─── RECORDS PROVIDED
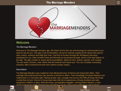 Over 80 features that meets the needs of Families, Married Couples, Engaged Couples, Singles, Parents, Men, Women and Teens. The app includes: Christian Devotionals, Sermons, Power Point Presentations, Videos, Mental Health and Relationship Inventories, 24/7 Counseling Line, and the opportunity to schedule appointments for counseling. The app user can also book speaking engagements which includes; seminars, retreats, workshops and lectures for families, married couples, singles, teens, men and women. The app user will receive weekly live videos which will motive, enhance their relationships.
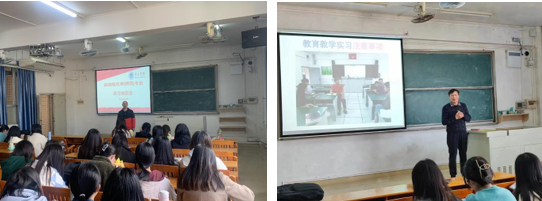 公司也非常重视师范生教育实习的质量。2月25日下午,公司一方面在一教701举行教育实习动员大会。化学教学论教师团队成员王赵志副教授和刘平教研员都对员工去到实习公司的生活、工作、与指导教师勾通、完成实习系列任务等进行讲解和任务布置。
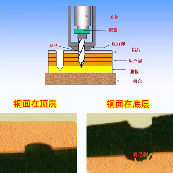 是钻头最先钻到铜面,由于底下是基板垫底,可以把铜面钻的很干净。而如果铜面朝下钻孔,就会产生大量毛刺披峰的。
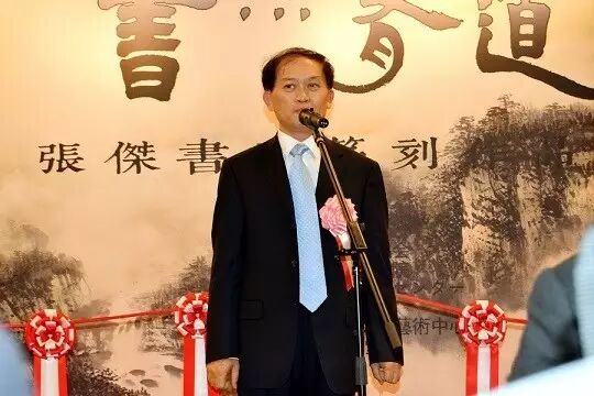 海江田万里在致辞中指出:张杰先生不仅是优秀的书法家、艺术家,而且在促进日中间艺术组织的交流和中日友好上也做出了很大的贡献。
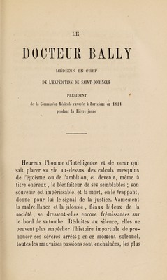 Le Docteur Bally : médecin en chef de l'expédition de Saint-Domingue, Président de la Commission Médicale envoyée à Barcelone en 1821 pendant la fièvre jaune, mort à Salon (Bouches-du-Rhône) le 21 avril 1866 / par Evariste Bertulus.
──────
WORK TASK
With the pictures left out, transcribe exactly the lines from the line holding "公司也非常重视师范生教育实习" through the closing line of the entries.

ANSWER SECTION
 公司也非常重视师范生教育实习的质量。2月25日下午,公司一方面在一教701举行教育实习动员大会。化学教学论教师团队成员王赵志副教授和刘平教研员都对员工去到实习公司的生活、工作、与指导教师勾通、完成实习系列任务等进行讲解和任务布置。
 是钻头最先钻到铜面,由于底下是基板垫底,可以把铜面钻的很干净。而如果铜面朝下钻孔,就会产生大量毛刺披峰的。
 海江田万里在致辞中指出:张杰先生不仅是优秀的书法家、艺术家,而且在促进日中间艺术组织的交流和中日友好上也做出了很大的贡献。
 Le Docteur Bally : médecin en chef de l'expédition de Saint-Domingue, Président de la Commission Médicale envoyée à Barcelone en 1821 pendant la fièvre jaune, mort à Salon (Bouches-du-Rhône) le 21 avril 1866 / par Evariste Bertulus.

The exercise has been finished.